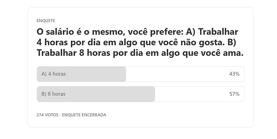 Perguntei lá na news: se o salário fosse o mesmo, elas iriam preferir, trabalhar 4 horas no que não gostam ou 8 horas com o que gostam.
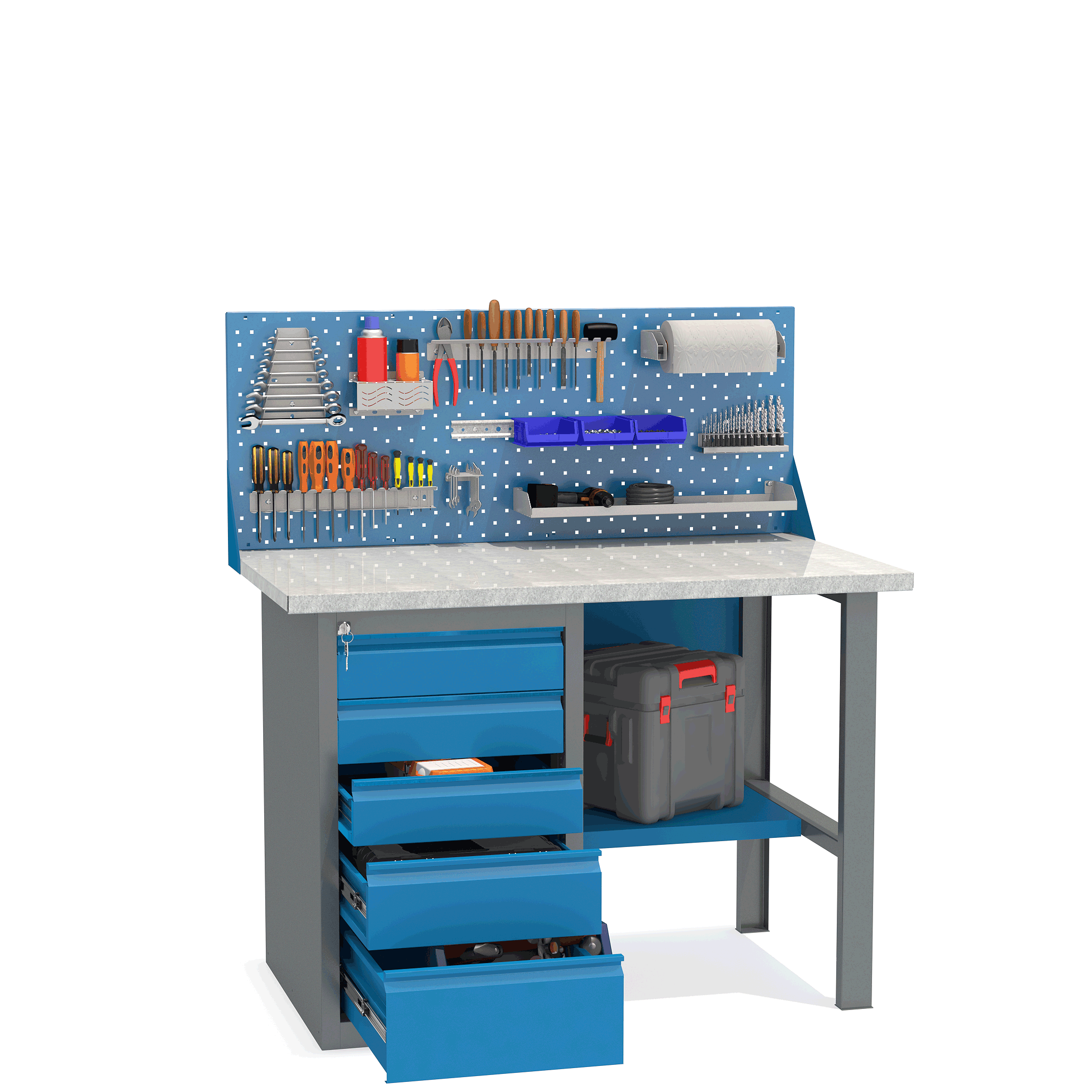 - Верстак укомплектован драйвером с пятью выдвижными ящиками разными по высоте и тумбой с полками.
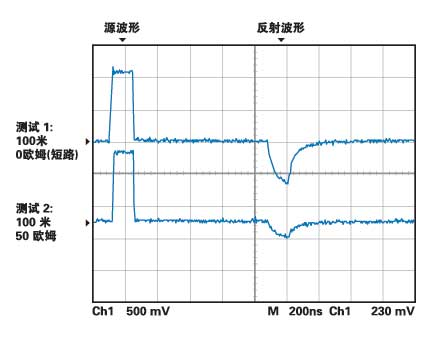 · 當負載阻抗為300歐姆時,反射系數為0.5,這意味著反射波形數是源波形的一半。電纜診斷技術使用反射波形的極性和數量來準確計算和報告負載阻抗。圖3 顯示短路 (0歐姆負載阻抗)和50歐姆負載阻抗的實例。
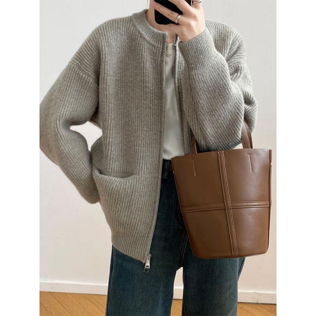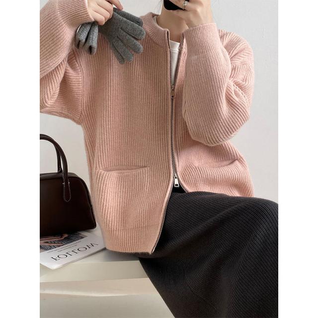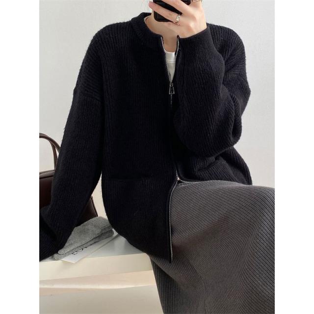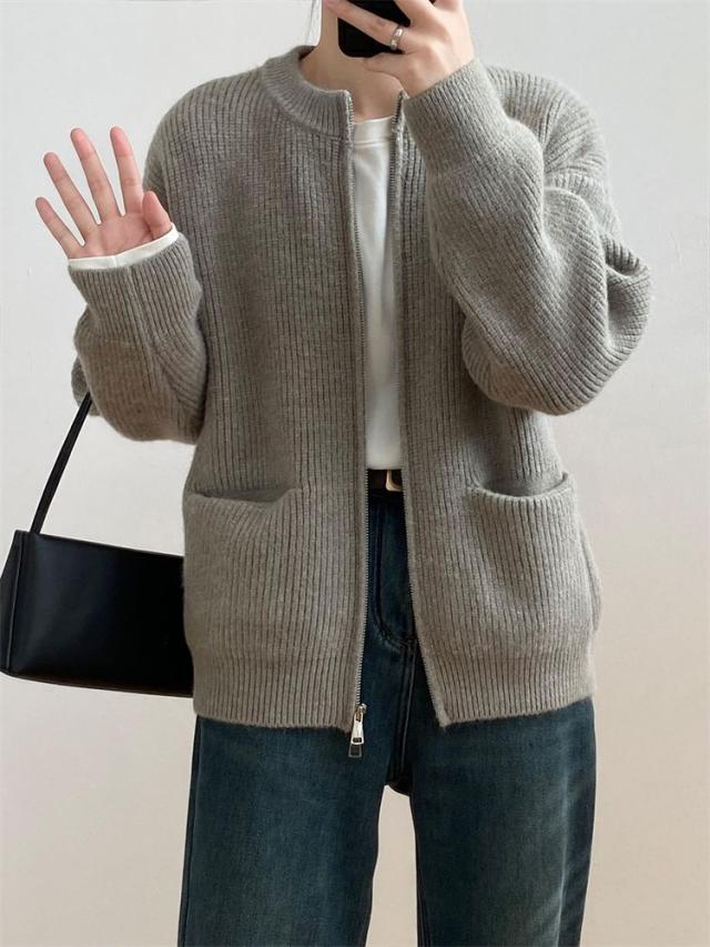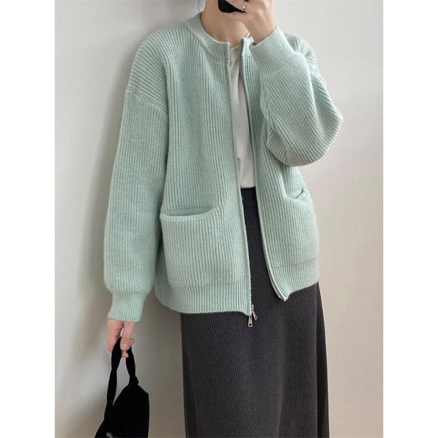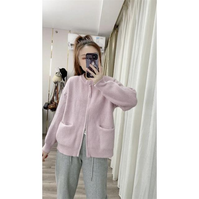カーディガン レディース 長袖 ニットカーディガン ジッパー 薄手 春 秋 羽織り 体型カバー カジュアル シンプル おしゃれ 韓国
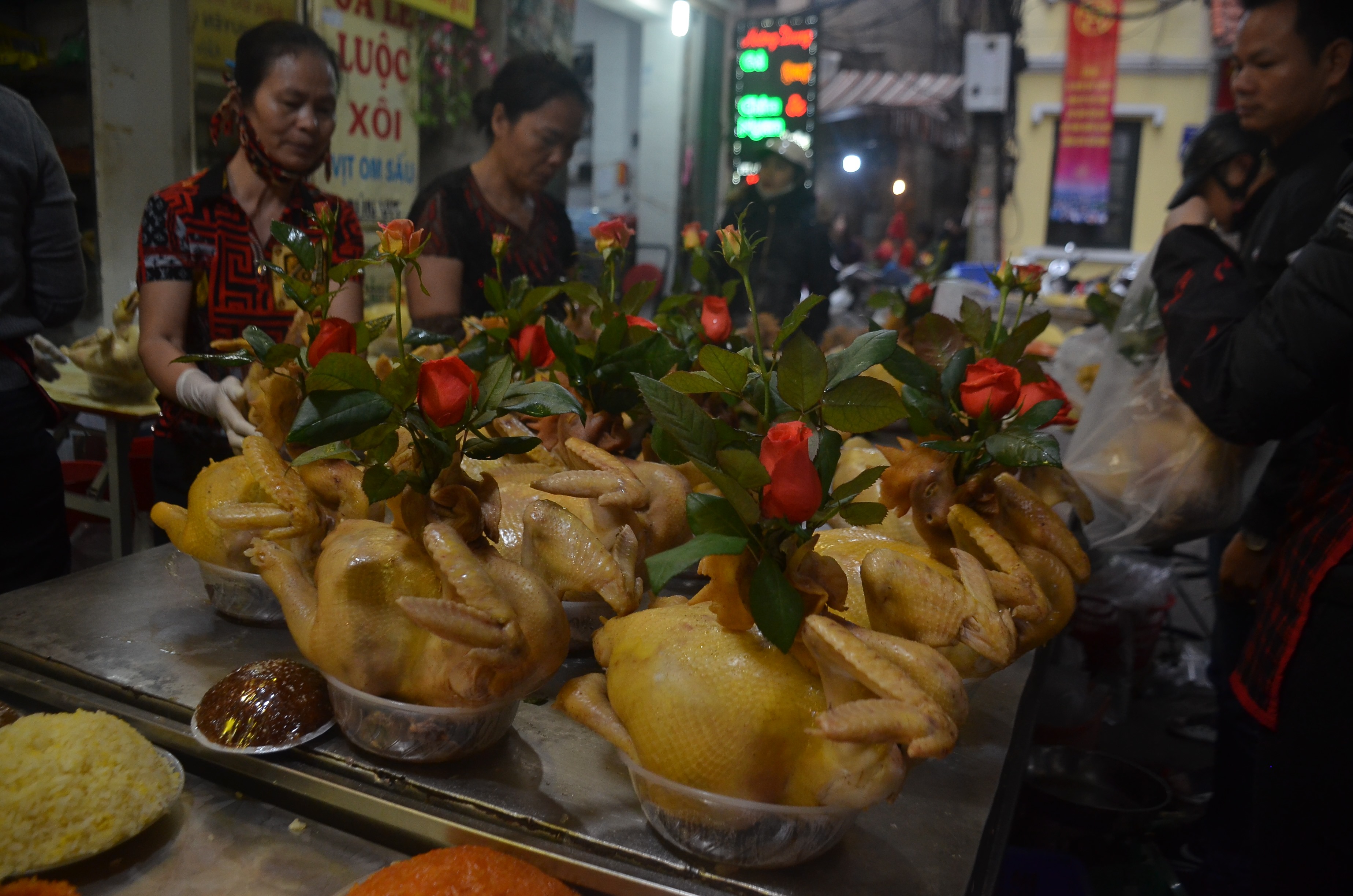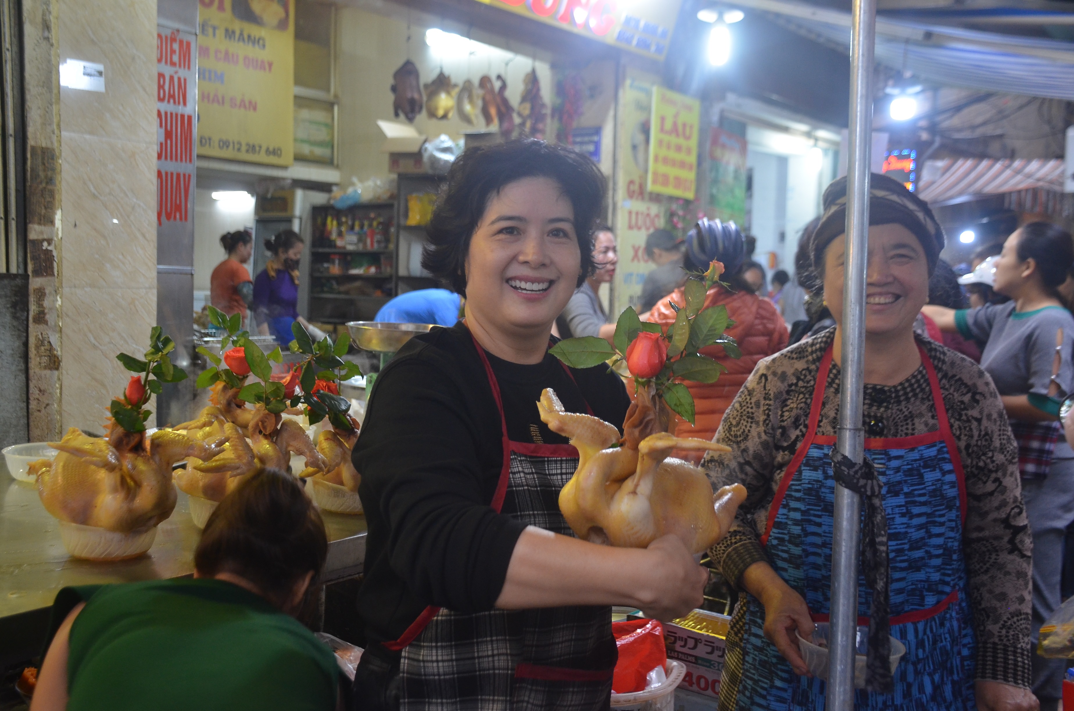 Tại chợ Hàng Bè, phố Gia Ngư có 2-3 cửa hàng bán gà luộc, xôi gấc, giò chả đã trở nên quá tải khi lượng khách kéo đến đông đúc. Chủ cùng nhân viên hoạt động liên tây lấy đồ lễ cho khách. Chị Bích Thùy trú tại phố Cầu Gỗ cho biết, gia đình chị sẽ tiến hành cúng ông Công ông Táo trước 12h trưa.
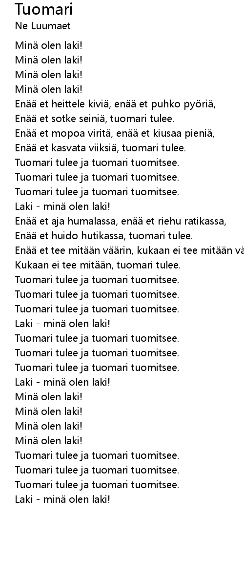 | Enää et mopoa viritä, enää et kiusaa pieniä, | |
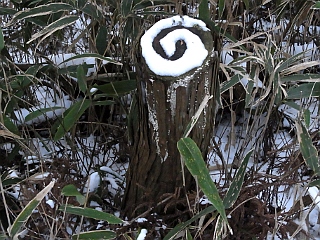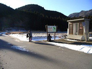 | トイレと案内板のある駐車場 | 木の橋を渡って山道に入る | 面白い雪の残り方 |
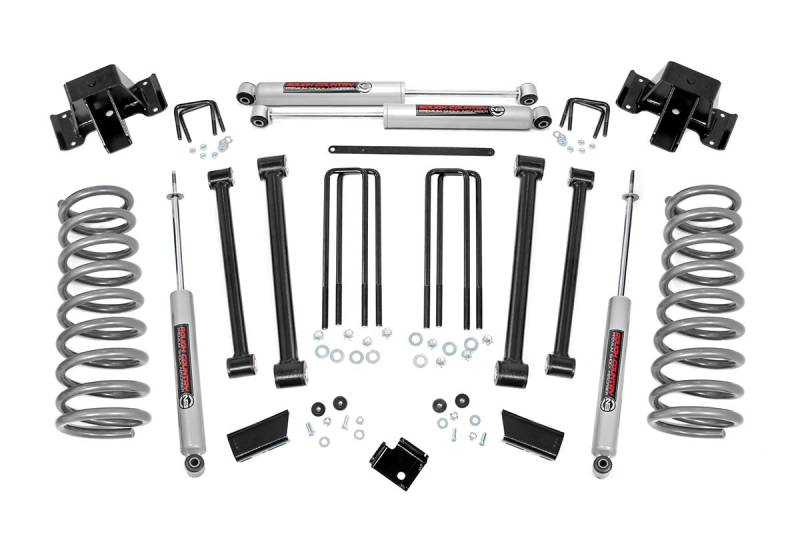 Transform your 1994-2002 Dodge Ram 2500 with the Rough Country 3-inch Lift Kit, designed to elevate both your ride height and style for an unforgettable look on and off the road.Increase Ride Height and Style: Boost your truckΓÇÖs presence with a 3-inch lift, giving you the aggressive stance you crave and commanding attention wherever you go.Comprehensive Kit: This all-inclusive package includes everything you need for a complete upgradeΓÇödurable control arms, HD lifted coil springs, and rear fabricated anti-wrap blocks that enhance your truckΓÇÖs capability and durability.Configurable Shock Options: Customize your ride with a choice of nitrogen-charged N3, V2 Monotube, or M1 Monotube shocks, offering the perfect balance of on-road comfort and off-road performance.Quick and Easy Installation: Save time and effort with this 100% bolt-on design. With common tools and a little time in your garage, you can get your truck lifted and ready for adventure.Limited Lifetime Replacement Guarantee: Enjoy peace of mind knowing that Rough Country backs this kit with a Limited Lifetime Replacement Guarantee.The Rough Country 3-inch Lift Kit delivers the perfect combination of strength, performance, and style, all while making your Dodge Ram 2500 ready for any terrain. Whether you're cruising on the highway or conquering the trails, this kit is your ticket to a thrilling, customizable ride experience.
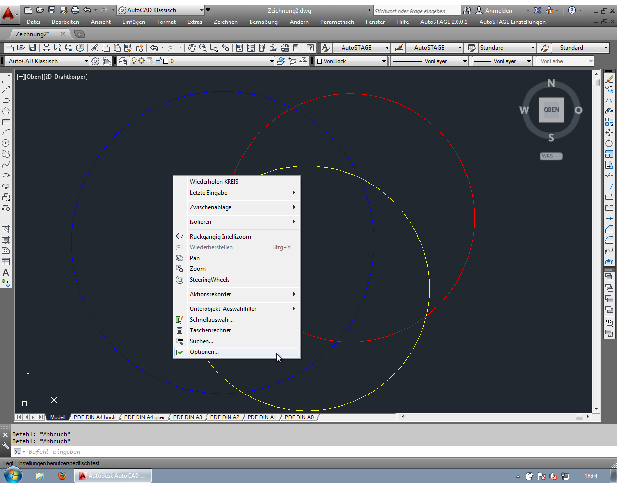Klicken Sie mit der rechten Maustaste auf einen freien Bereich in der Zeichnung. Es öffnet sich ein Kontextmenü, wählen Sie daraus den letzten Punkt Optionen.
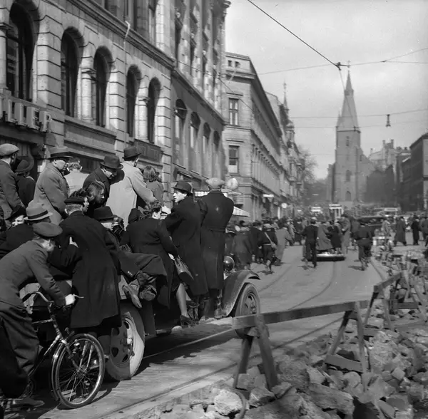 krigsutbrudd, gate, mennesker, flukt, biler, bygårder, St. Olav Domkirke
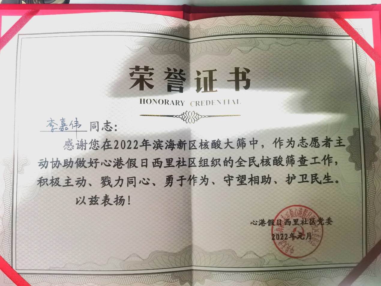 图一 社区党委给予李嘉伟同学的荣誉证书
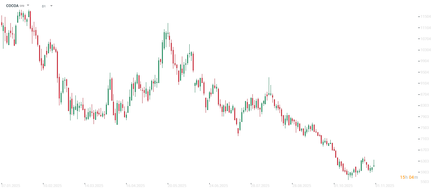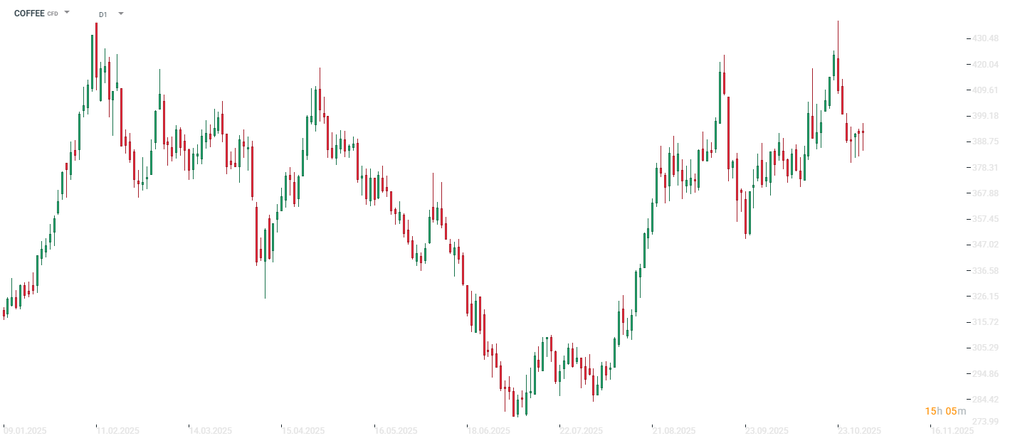 Káva arabica patří mezi nejvíce zdražující komodity. Od ledna vzrostla její cena o 24 procent a v říjnu se dostala na rekord. Ceny stouply, když Spojené státy zavedly 50procentní clo na brazilskou kávu a v obavách z nepříznivého počasí v hlavních pěstitelských oblastech Brazílie a Vietnamu. Kakao naopak zažívá letos prudký pád. Cena kakaa se po loňských rekordech propadla o 46 procent, protože se úroda v Africe zotavila a trh přešel z deficitu do přebytku.

--- What this task involves ---
Ending at the line with "- Верстак укомплектован", reproduce exactly the lines that begin at the top of the data, and include no pictures.

--- Answer for this exercise ---
 Perguntei lá na news: se o salário fosse o mesmo, elas iriam preferir, trabalhar 4 horas no que não gostam ou 8 horas com o que gostam.
 - Верстак укомплектован драйвером с пятью выдвижными ящиками разными по высоте и тумбой с полками.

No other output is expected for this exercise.